It's Enactment Time!: High-fidelity Enactment Stage for Accessible Automated Driving System Technology Research
Aaron Gluck, Hannah Solini, Julian Brinkley · 2022 · Proceedings of the 24th International ACM SIGACCESS Conference on Computers and Accessibility (ASSETS '22) · doi:10.1145/3517428.3551351
Summary
This pictorial paper documents the iterative design and construction of a high-fidelity enactment stage for researching accessible autonomous vehicle (AV) technology with older adults and people with disabilities. Autonomous vehicles hold transformative potential for people who cannot currently drive — including blind people, older adults, and those with physical disabilities — yet current AV development focuses on occupants who can already drive. Since fully autonomous Level 5 vehicles are not available for research use (companies like Waymo and GM Cruise operate them only in limited geographic areas), the researchers at Clemson University developed user enactment as a method to explore AV accessibility. User enactment combines brainstorming with bodystorming, allowing participants to physically act out interactions with emerging technologies they have no prior experience using. The paper traces three iterations of the enactment stage. The first study used a low-fidelity setup: blue painter's tape outlining an SUV footprint with six chairs inside, tested with 10 older adult participants. The second study added props, foam core board labels for tracking changes, and tri-fold display boards for the vehicle front and rear, with 30 older adult participants across seven groups who iteratively modified the design. The final high-fidelity stage was modeled on the GM Cruise Origin ridesharing AV, chosen for its wheelchair-accessible sliding doors, flexible seating layout, and spacious interior for HMI exploration.
Key findings
The high-fidelity enactment stage measures 14 feet long, 7 feet high (6 feet interior), and 6 feet wide, constructed from lumber, plywood, and foam core board with screen door material simulating tinted glass. Critical accessibility features include an over-engineered floor supporting 600+ pounds per square foot for powered wheelchairs, and a metal ramp (5 feet long, 3 feet wide) meeting ADA rise-over-run requirements.
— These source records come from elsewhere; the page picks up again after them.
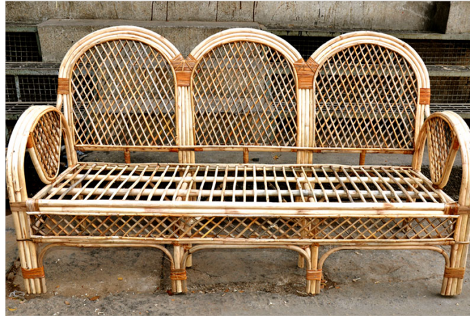
Sofa made of cane with a style of Jaali motif.

https://dsource.in/resource/cane-furniture-bangalore/products
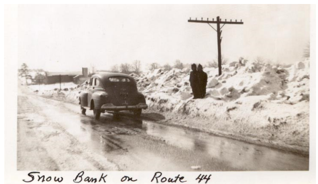
Snow Bank on Route 44

Enjoy this undated photo from the MTHS archives.
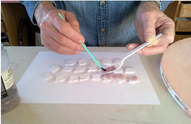
Applying frit to flower petals

Sprinkle frit onto the cut out pieces of fiber paper. Brushing the frit off a spoon is an easy way to control how much you distribute. If you work on a piece of paper, you can fold it up after to use as a scoop to return to the frit container any frit that spills off the fiber paper pieces.
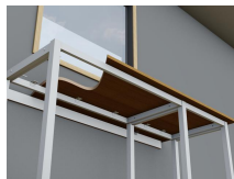
A Frame support system with Beech laminate worktop
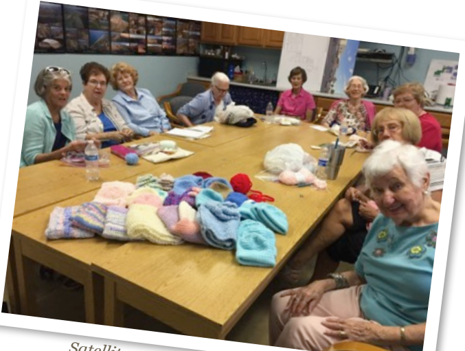
Satellite members from St. Thomas

Meet more satellites in our next newsletter!
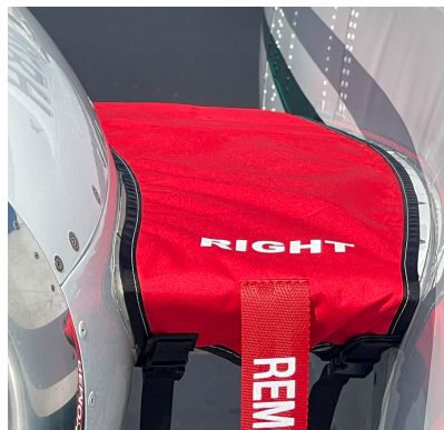
Eclipse EA500, TE500, 550 Pylon Covers

The Eclipse EA500, TE500, 550 Bikini Style Engine Covers are a single-piece design using a soft and smooth stretchy fabric. The cover stretches tightly over both the intake and exhaust, installing quickly and easily. These covers are designed to be used as hangar dust covers and have a useful life of approximately one year.
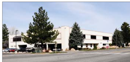
Mountain Alarm 3293 S Harrison Blvd, Ogden, UT 28,988 SF

The interior walls are covered with metallic paper, enabling magnetic foam core widgets — labeled in both text and Braille — representing interaction devices like levers, buttons, keypads, and microphones that participants can freely place, rearrange, and remove. The stage features moveable seating, two sets of sliding doors, a working trunk, and spaces for installing computers or digital devices. An internal pilot study was conducted as part of the U.S. Department of Transportation's Inclusive Design Challenge for Autonomous Vehicle Accessibility, using a touch-screen HMI and wearable device along with a floor-projected map showing the vehicle's position. A research team member with low vision successfully entered, interacted with, and exited the stage, confirming its accessibility and usability. Future plans include adding augmented reality projectors and more sophisticated HMI systems.
Relevance
This work addresses a fundamental methodological challenge in accessible technology research: how do you study the accessibility of technology that doesn't yet exist in usable form? The user enactment approach with high-fidelity staging offers a practical solution that the broader HCI and accessibility research community can adopt. For accessibility practitioners, the paper demonstrates the importance of including disabled people and older adults in the design of autonomous vehicles now, before inaccessible design patterns become entrenched — a concern the authors explicitly raise, noting that AV human-machine interfaces are being developed without standardization or accessibility features. The detailed construction documentation, including accessibility-specific decisions like wheelchair-rated flooring and Braille-labeled magnetic widgets, provides a replicable blueprint for other research groups. The iterative process — from tape on the floor to a full-scale vehicle mockup — also models how to progressively increase research fidelity while maintaining participant engagement throughout.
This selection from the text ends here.